◆ **Exercise directions**: In this exercise, the entries below include pictures. Repeat exactly the lines from the line with "Cafésæt i massiv" to the line with "January 1991 Washington, D.C.", including both, but without the pictures.

◆ **Dataset excerpts**:
== Segment start ==
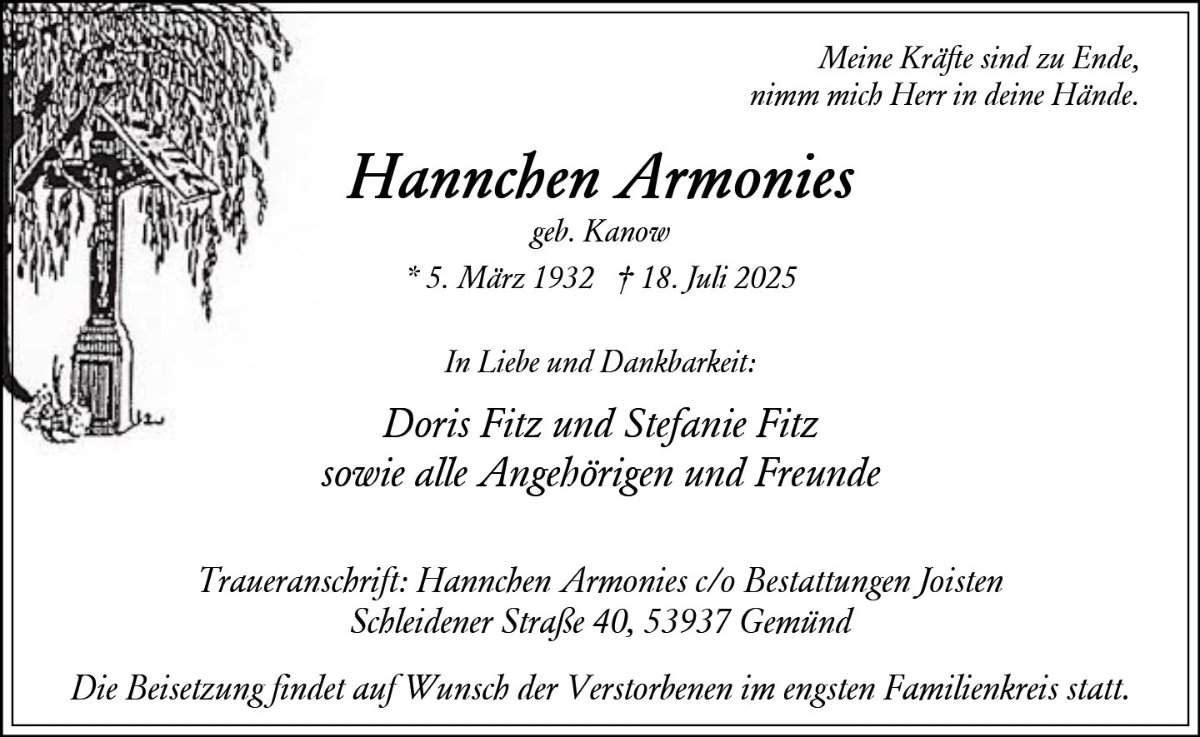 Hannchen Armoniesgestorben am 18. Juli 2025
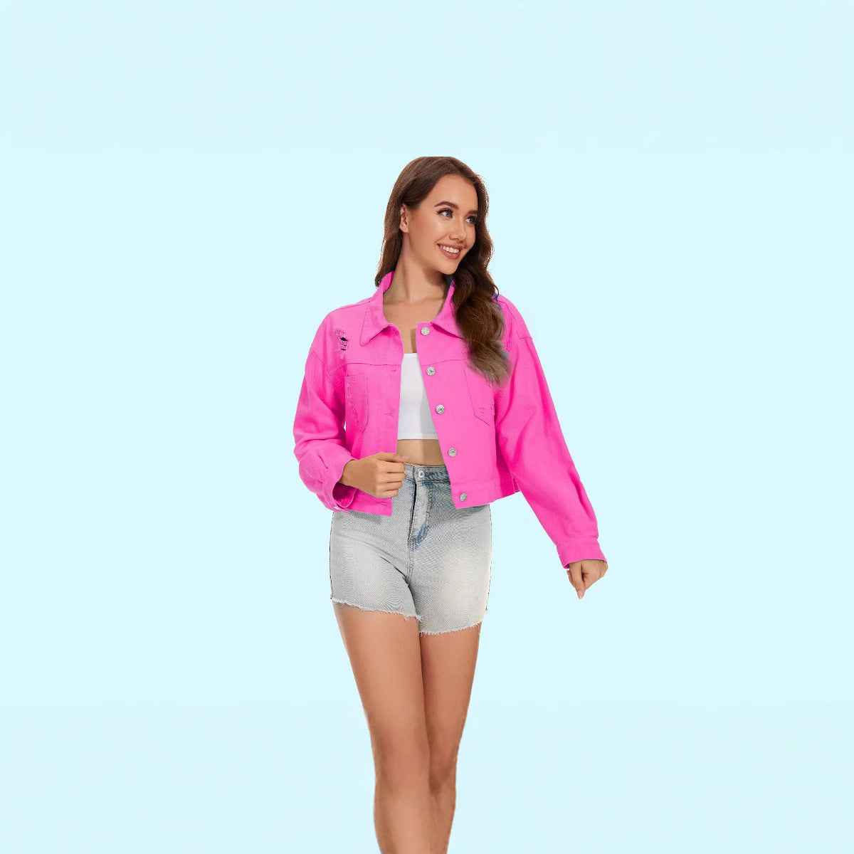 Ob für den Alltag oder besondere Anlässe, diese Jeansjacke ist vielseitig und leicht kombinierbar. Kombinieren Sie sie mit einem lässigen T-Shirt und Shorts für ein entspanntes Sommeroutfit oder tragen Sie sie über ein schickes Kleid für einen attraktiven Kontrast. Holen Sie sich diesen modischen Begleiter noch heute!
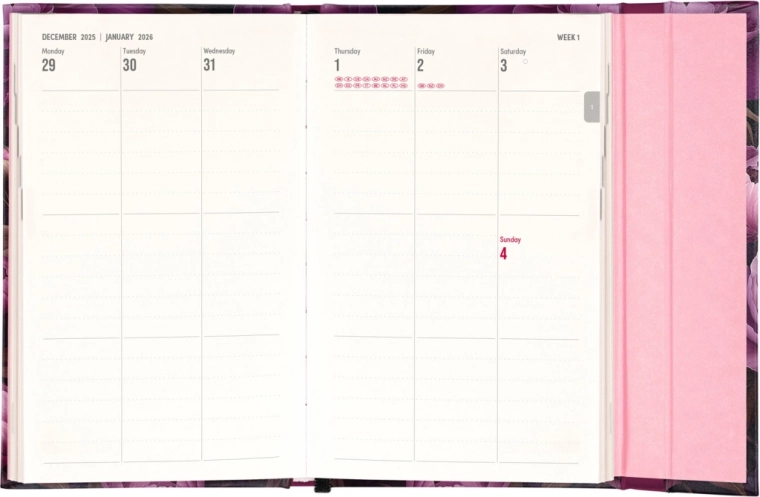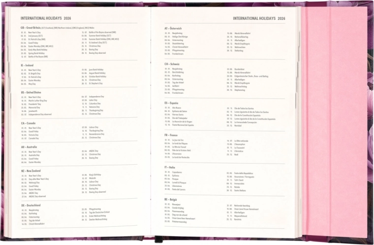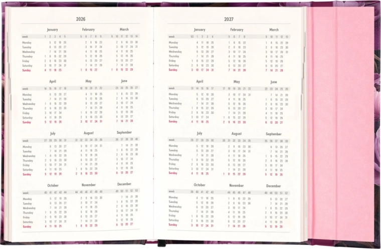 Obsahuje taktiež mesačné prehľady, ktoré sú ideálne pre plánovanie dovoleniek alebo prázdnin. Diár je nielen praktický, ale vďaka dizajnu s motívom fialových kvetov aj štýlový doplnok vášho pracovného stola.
== Segment end ==
== Segment start ==
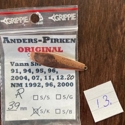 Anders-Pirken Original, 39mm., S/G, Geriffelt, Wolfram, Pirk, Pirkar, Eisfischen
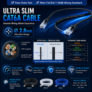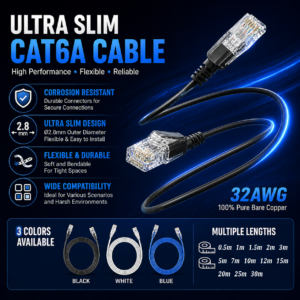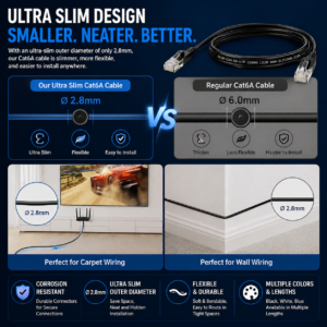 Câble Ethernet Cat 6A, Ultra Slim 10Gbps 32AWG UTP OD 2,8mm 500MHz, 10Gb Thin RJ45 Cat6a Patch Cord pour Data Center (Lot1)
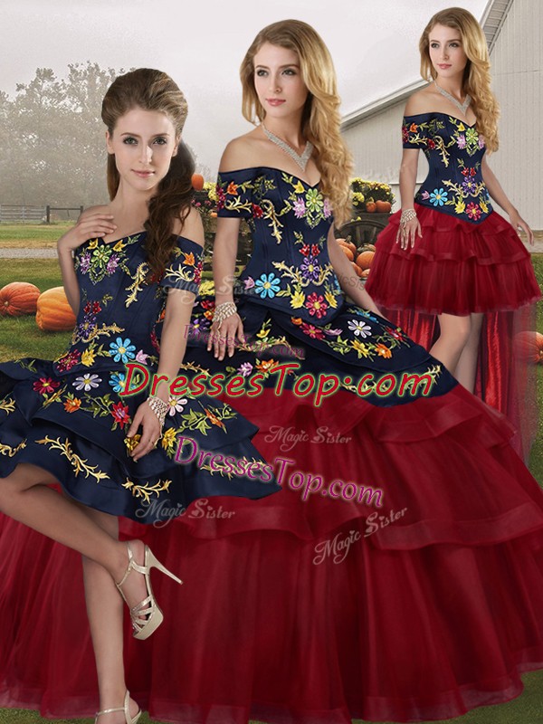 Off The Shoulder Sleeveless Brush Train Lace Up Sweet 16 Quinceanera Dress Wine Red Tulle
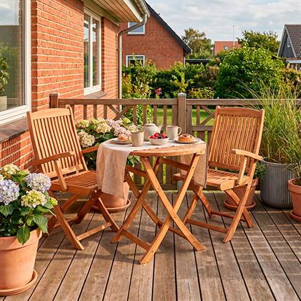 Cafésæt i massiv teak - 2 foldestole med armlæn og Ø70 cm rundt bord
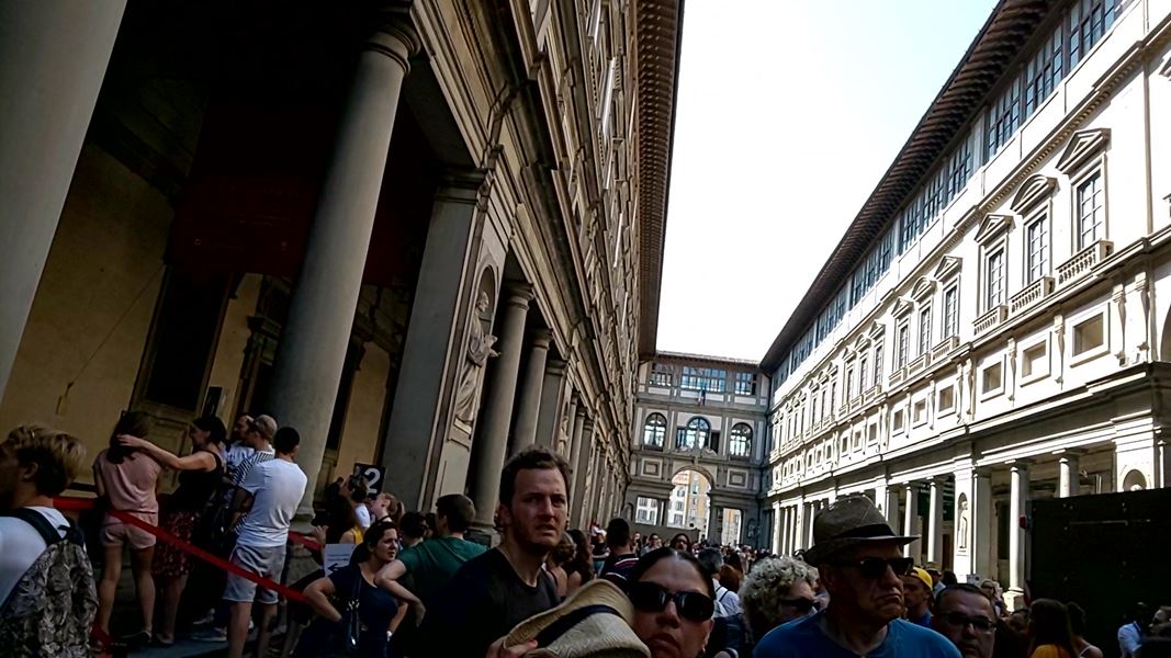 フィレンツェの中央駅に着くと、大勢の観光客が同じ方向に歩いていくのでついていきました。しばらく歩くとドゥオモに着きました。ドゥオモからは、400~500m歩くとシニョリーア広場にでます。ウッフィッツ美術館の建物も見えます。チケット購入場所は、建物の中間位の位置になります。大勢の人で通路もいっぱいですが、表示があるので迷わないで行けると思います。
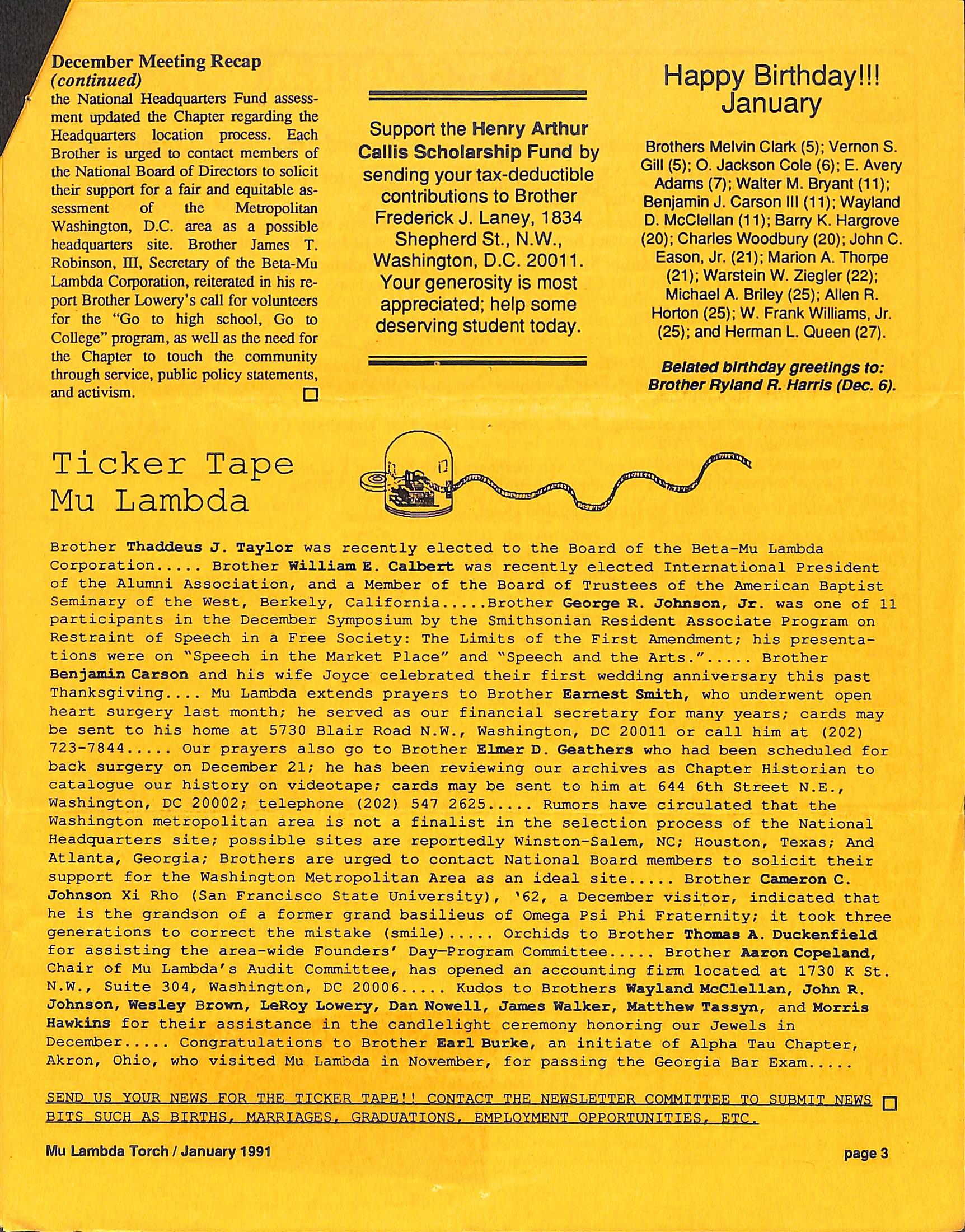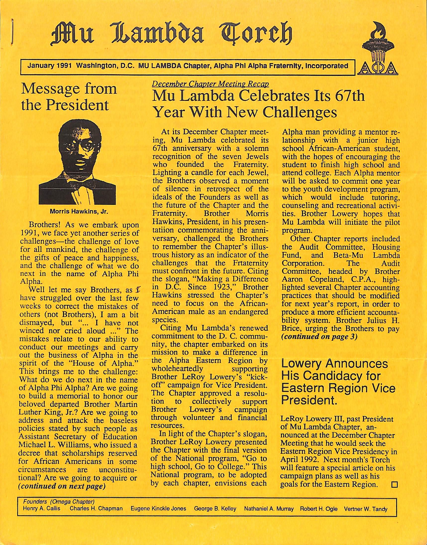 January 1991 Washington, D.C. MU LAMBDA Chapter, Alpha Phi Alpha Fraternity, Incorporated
== Segment end ==
◆ **Solved problem**:
 Cafésæt i massiv teak - 2 foldestole med armlæn og Ø70 cm rundt bord
 フィレンツェの中央駅に着くと、大勢の観光客が同じ方向に歩いていくのでついていきました。しばらく歩くとドゥオモに着きました。ドゥオモからは、400~500m歩くとシニョリーア広場にでます。ウッフィッツ美術館の建物も見えます。チケット購入場所は、建物の中間位の位置になります。大勢の人で通路もいっぱいですが、表示があるので迷わないで行けると思います。
 January 1991 Washington, D.C. MU LAMBDA Chapter, Alpha Phi Alpha Fraternity, Incorporated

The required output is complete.